Imaro
Legend
They really don't play the same. At all. A defender marks someone in order to force a confrontation. The mark influences the marked target to stay near them, or attack them, or else suffer some penalty.
The striker's extra damage mechanics encourage the opposite. A target who has been designated as a quarry, or who is flanked, has incentive to get away from whoever quarried or flanked them, so as to avoid suffering penalties.
They're the same only in the sense that they both involve choosing a foe to suffer a disadvantage. The means of choosing the foe, the disadvantage suffered, and the tactical consequences that flow from that decision are entirely different.
Uhm...we agree here, in my earlier post I said that these were the exception. I actually think these are more varied than the actual powers in mechanical application and effect.
They're different, and its ok to prefer mechanical differences, but where your argument drives us batty is when you assume that a lack of full fledged mechanical sub systems somehow translates into tactical similarity. This is not the case.

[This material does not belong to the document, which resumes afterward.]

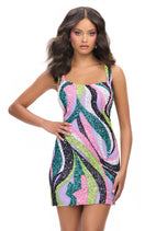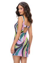 Unique and fabulous! This multi-colored cocktail dress has an intricate bead pattern throughout that will accentuate your figure. This look is complete with a back cut out.

No one used the word "tactical". Play != tactical. Some people said they felt similar in play, not that their tactics were the same. A spell from 4e and a spell from 3e could promote the same tactical play, yet have very different mechanics for resolving that spell. This I think may be the dissconnect. In 4e whether that spell effects or doesn't effect it's target is always resolved the same...for every spell (roll d20 +mods) vs. defense. This could be what causes the samey feeling not the tactics, and it could be even more pronounced for players not interested or good at tactical combat.